The Narendra Modi government plans to give, over the next two days, environmental clearances for Rs 80,000 crore worth of projects. This will be the first set of stranded investments that the government, which was sworn in on May 26, will take up for consideration.

The 28 projects include those of SAIL and Rashtriya Ispat Nigam in the public sector, and those of Aditya Birla Group companies Essel Mining and Grasim in the private sector, sources in the environment ministry said.

All these projects had got stuck at various stages of approvals, both at the Centre and with state governments. They are now expected to be cleared without their having to travel to the Cabinet Committee on Investment set up by the previous UPA government to fast-track project clearances.

Minister of State (Independent Charge) for Environment Prakash Javadekar on Thursday promised to ensure “fast clearances” to these projects, but in a transparent manner. He said quick decision making would ensure that the government overcomes the policy paralysis of the previous government on environmental issues.

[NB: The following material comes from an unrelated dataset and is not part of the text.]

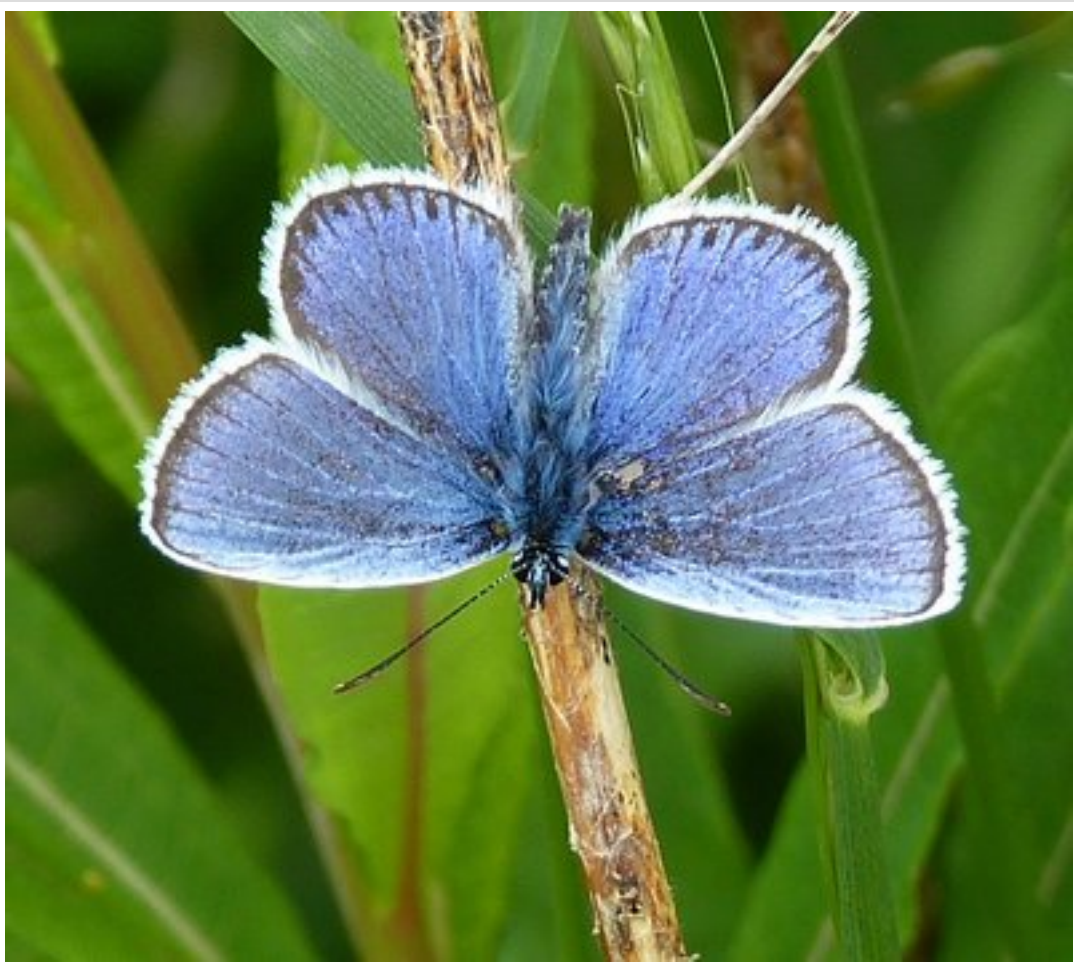
Male Silver-Studded Blue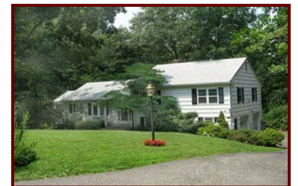
89 Bowman Drive

This is the moment to capture your dream of living in the very special Greenwich neighborhood of King Merritt - a popular, rapidly growing in value neighborhood where residents enjoy their quiet streets and community spirit. This spacious, 4 bedroom home will immediately feel like your own private retreat. Lay your cares aside and relax on the screened in porch with lovely views of the stream and surrounding woodlands. Have fun with barbecues and picnics on the rear terrace. On the garden level, you will discover a wonderful suite of rooms- a playroom, office, bedroom and a bath with a whirlpool tub. Enjoy as is or update, knowing you will have happy living and an excellent financial investment. $1,365,000

We will strike the right balance in conserving ecology and according approval to projects,” Javadekar said. On the table of the environment ministry’s Expert Appraisal Committee are SAIL’s 1 million-tonne per annum pellet plant at its Dalli-Rajhara mines in Chhattisgarh, and the expansion of the marquee Bhilai steel plant and of its captive power project. These projects will release an estimated investment of Rs 19,000 crore.

Essel Mining plans to more than double the capacity of its iron ore mine at Koira in Orissa’s Sundargarh district to 4 MT from the current 1.5 MT. A 1.2-MT pellet plant of the company will also be considered by the panel. These two projects entail a likely investment of over Rs 9,000 crore.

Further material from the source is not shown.